Records drawn from a dataset
^^^^^^^^

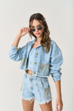 JAQUETA JEANS BORDADA / AZUL JEANS
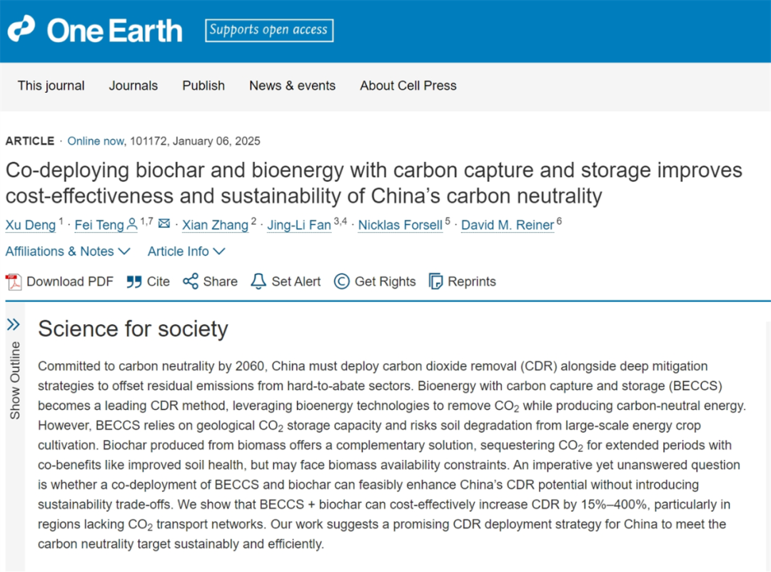 Deng, Xu, Teng, Fei, Zhang, Xian, Fan, Jing-Li, Forsell, Nicklas, Reiner, David M. Co-deploying biochar and bioenergy with carbon capture and storage improves cost-effectiveness and sustainability of China’s carbon neutrality. One Earth, 2025/01/06, //doi.org/10.1016/j.oneear.2024.12.008
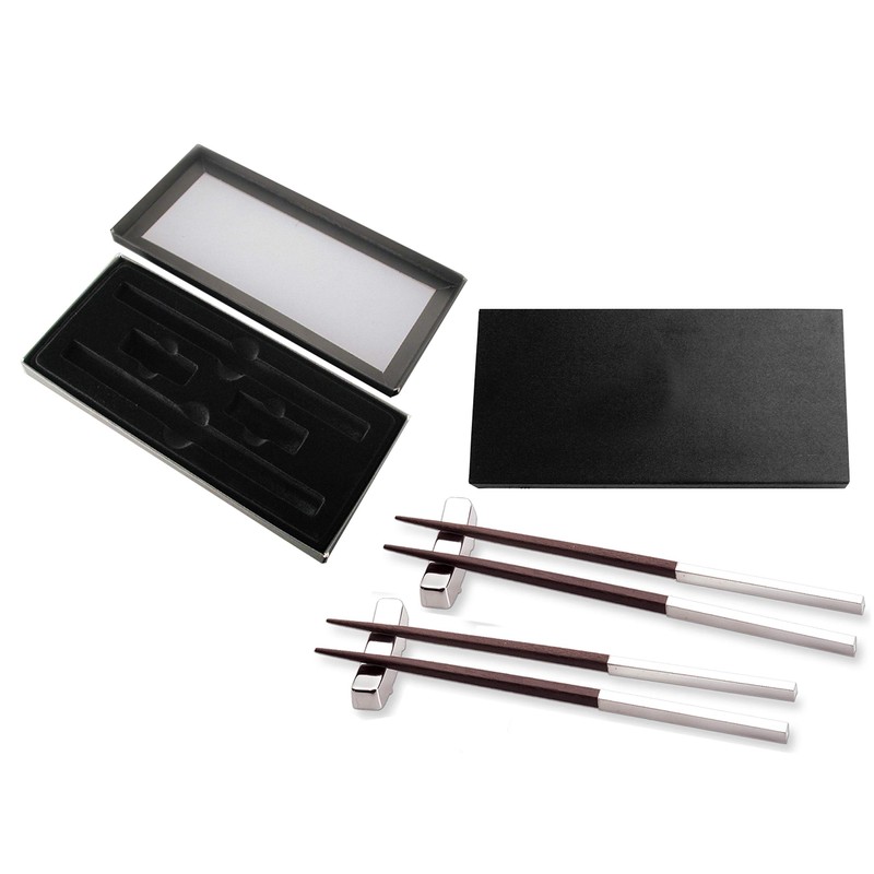 Natico Silver and Wood Chopsticks | Set of 2 Pairs w/Rests Included (60-603SET)
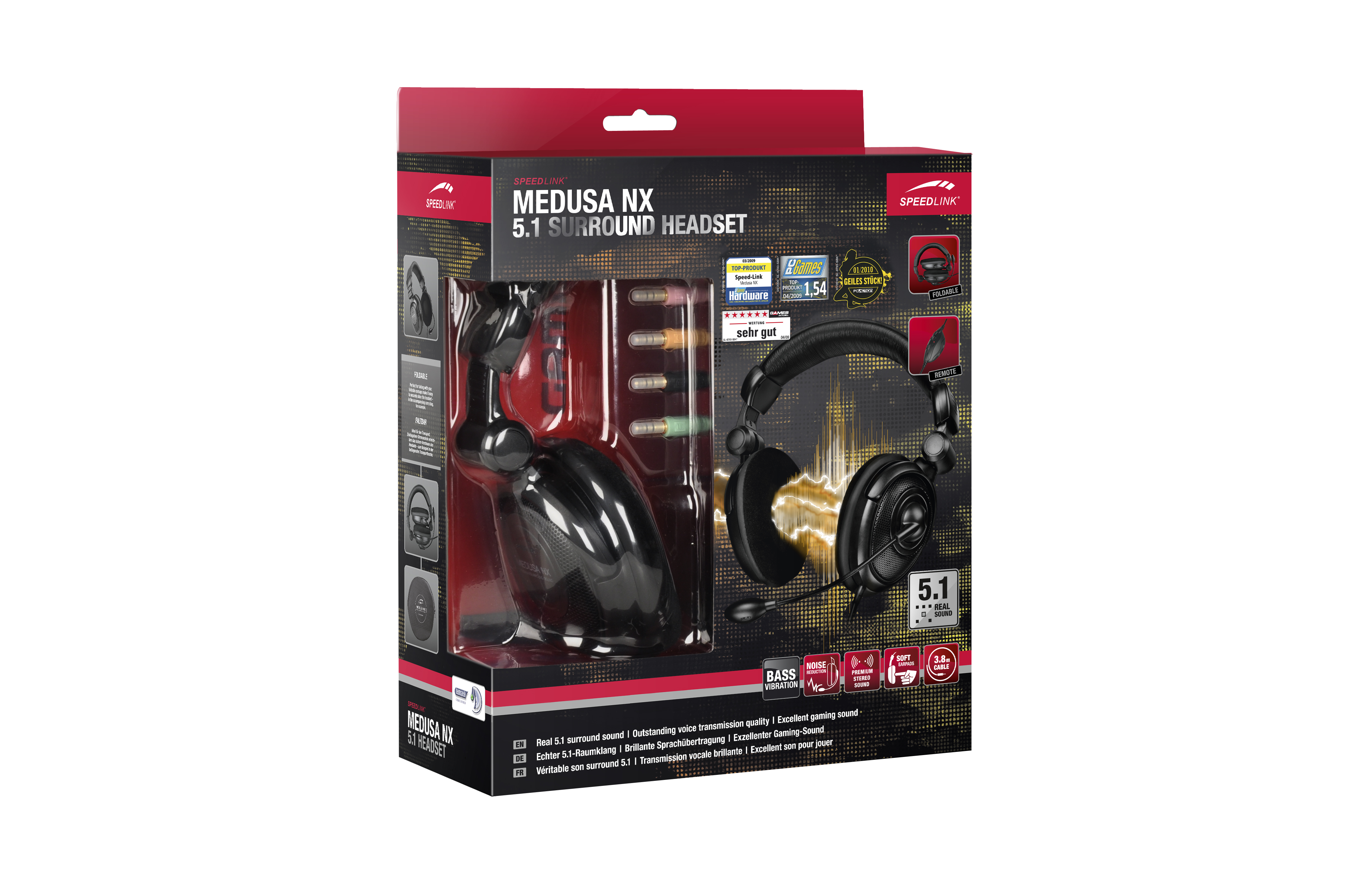 Genießen Sie brillante Höhen, spüren Sie intensive Bässe – und hören Sie genau, woher sie kommen: Das MEDUSA NX 5.1 Gaming Headset liefert nicht nur feinsten Klang, es erlaubt dank der insgesamt acht integrierten Lautsprecher und Subwoofer auch eine räumliche Ortung der Geräuschquelle, ein entscheidender Vorteil in 3D-Spielen und ein imposantes Surround-Klangerlebnis. Mit geringem Gewicht und komfortabler Polsterung ist das MEDUSA NX 5.1 angenehm zu tragen und damit erste Wahl für lange Gaming-Sessions – oder auch für den Multimedia-Genuss mit Filmen und Musik.
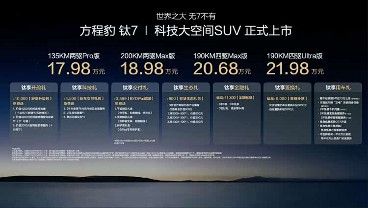 或许一切都有迹可循,让钛3和元PLUS处于同价位可能就是「钛」的一次试水,而钛3的卖爆也为今天的钛7打下了基础。

^^^^^^^^

TASK DETAILS: No pictures should appear in the copy, which holds exactly the lines from the first line of the data through the line with "Natico Silver and" and nothing else.

RESULT OF THIS EXERCISE:
 JAQUETA JEANS BORDADA / AZUL JEANS
 Deng, Xu, Teng, Fei, Zhang, Xian, Fan, Jing-Li, Forsell, Nicklas, Reiner, David M. Co-deploying biochar and bioenergy with carbon capture and storage improves cost-effectiveness and sustainability of China’s carbon neutrality. One Earth, 2025/01/06, //doi.org/10.1016/j.oneear.2024.12.008
 Natico Silver and Wood Chopsticks | Set of 2 Pairs w/Rests Included (60-603SET)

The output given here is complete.